__TASK TO CARRY OUT__:
Only the lines from the one with "in the Valleys" through the end of the data below belong in the answer, restated word for word, pictures excluded.

__AVAILABLE DATA__:

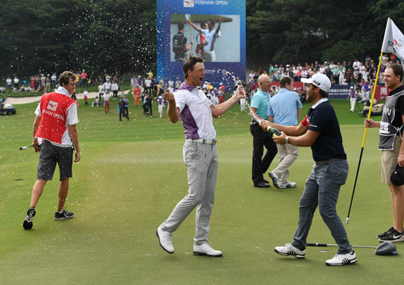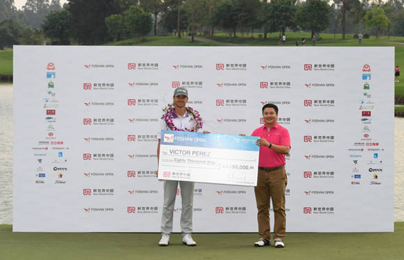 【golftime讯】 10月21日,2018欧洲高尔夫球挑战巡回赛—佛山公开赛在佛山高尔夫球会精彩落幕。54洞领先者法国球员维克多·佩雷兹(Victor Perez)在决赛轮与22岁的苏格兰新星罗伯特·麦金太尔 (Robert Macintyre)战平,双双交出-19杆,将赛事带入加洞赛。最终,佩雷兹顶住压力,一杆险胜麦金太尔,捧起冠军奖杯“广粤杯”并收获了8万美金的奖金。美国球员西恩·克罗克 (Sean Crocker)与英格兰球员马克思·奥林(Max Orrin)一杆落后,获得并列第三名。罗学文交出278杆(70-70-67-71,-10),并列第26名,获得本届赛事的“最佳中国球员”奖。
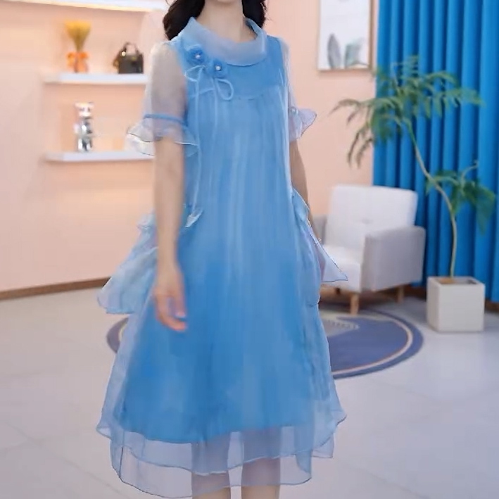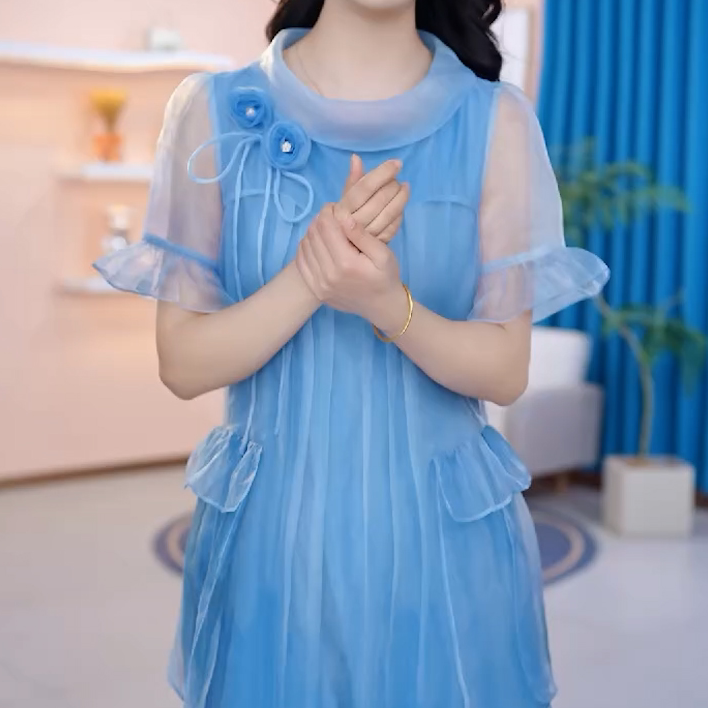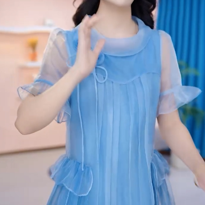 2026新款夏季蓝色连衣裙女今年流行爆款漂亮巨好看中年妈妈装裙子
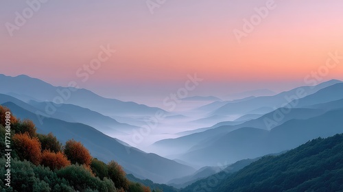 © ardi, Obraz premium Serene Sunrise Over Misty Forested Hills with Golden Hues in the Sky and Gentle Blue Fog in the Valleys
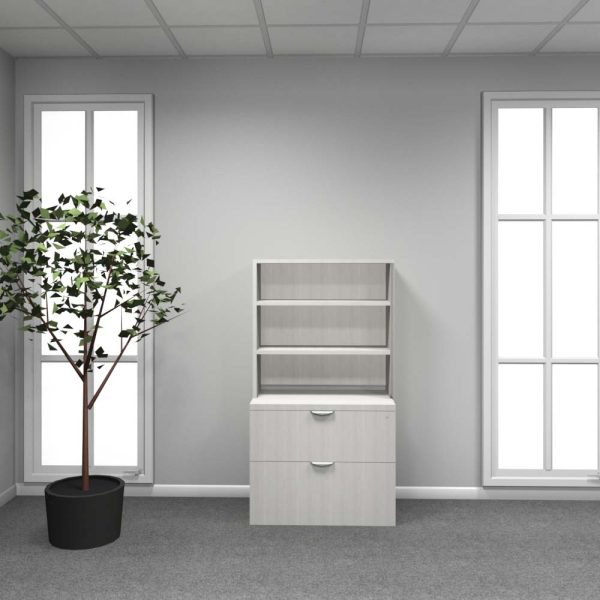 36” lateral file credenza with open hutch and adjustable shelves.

__RESULT OF THE TASK__:
 © ardi, Obraz premium Serene Sunrise Over Misty Forested Hills with Golden Hues in the Sky and Gentle Blue Fog in the Valleys
 36” lateral file credenza with open hutch and adjustable shelves.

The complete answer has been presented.